3. The blocks inside the perforated area can be made smaller where necessary to avoid overlap.
4. The normal part of the façade keeps the original block size.

This adjustment makes the perforation readable and prevents the shifted blocks from colliding with one another.

Step 7: Creating the staggered masonry pattern

1. For each zone, the placement planes are separated into alternating rows using Split Tree.
2. Every second row is shifted horizontally by half of the normal brick module.
3. This creates the typical staggered arrangement of masonry instead of placing all blocks directly above each other.

The shifted rows make the façade pattern appear more natural and strengthen the textile-like character of the design.

Step 8: Correcting the blocks on the curved surface

1. On a curved wall, shifting the blocks in a straight direction can move them away from the façade surface.
2. The shifted placement planes are therefore analysed using Deconstruct Plane.
3. Their origins are projected back onto the façade with Surface Closest Point.
4. New corrected planes are reconstructed directly on the curved wall.

This allows the staggered brick pattern to follow the curved façade accurately instead of floating outside the surface.
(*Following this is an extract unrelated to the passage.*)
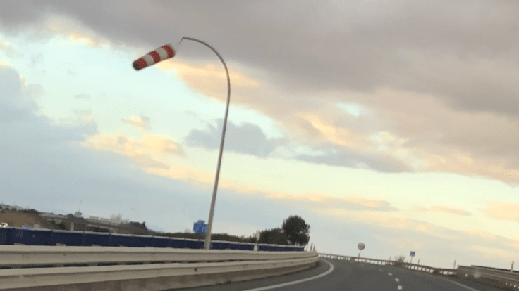 En el indicador de la foto se ve cómo el viento viene de la derecha y además fuerte. Eso significa que va a empujar en el lado derecho de nuestra moto que, cuanto más carenada sea, más superficie tendrá el viento para incidir sobre ella desviándonos hacia la izquierda.
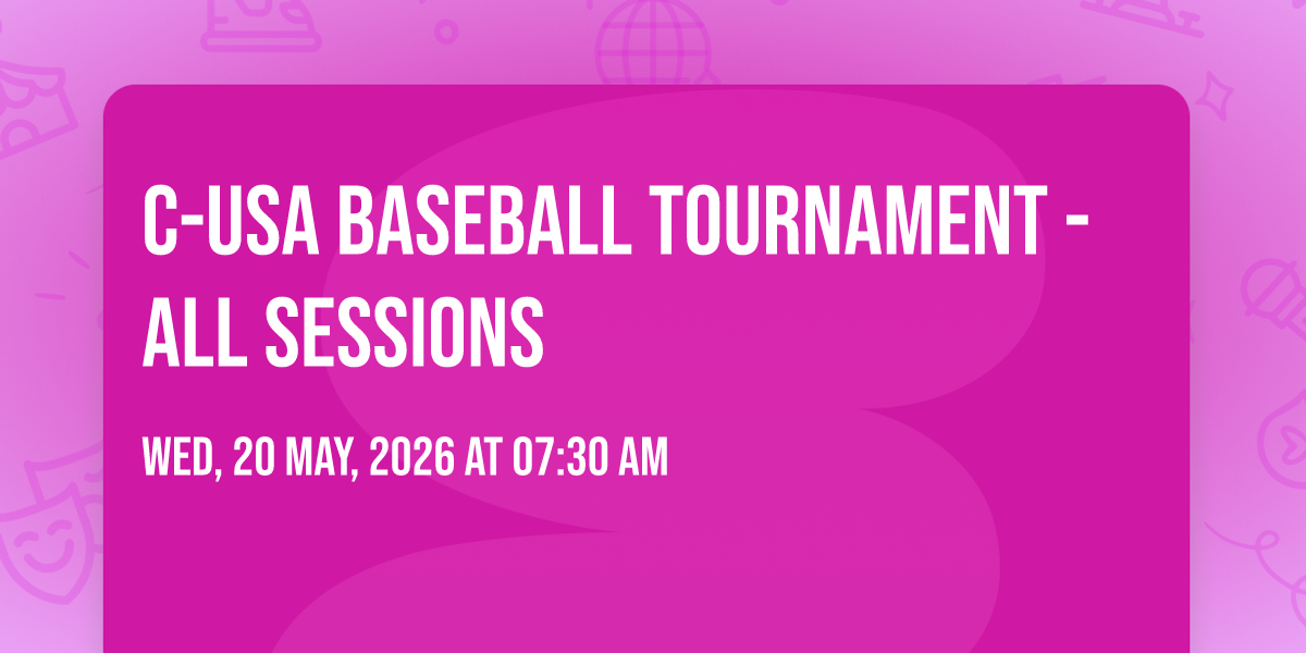 π Location: 34.0339, -84.5817π Welcome to C-USA Baseball Tournament - All Sessions, where the impossible becomes possible and dreams take flight! ποΈ Join us at Mickey Dunn Stadium in the heart of Kennesaw, GA for an event that will redefine your expectations. π On May 20th, 2026 at 07:30 AM, witness the transformation of space and time into something truly magical. β¨ It's a curated experience combining the best of innovation, entertainment, and community spirit, creating moments that will be remembered for years to come. Whether you're a first-time visitor or a seasoned enthusiast, prepare to be amazed. π Book now to ensure your place in this unforgettable experience!

Step 9: Generating the final façade geometry

1. The corrected placement planes from each zone are connected to separate Orient components.
2. Each zone receives its corresponding granite block size.
3. The normal, outer, middle and inner block groups together form the final façade.

The final result is a parametrically controlled granite façade that gradually perforates around an attractor point. The wall transforms from a solid masonry surface into a lighter and more open structure, expressing the concept of an unraveling sweater through architectural geometry.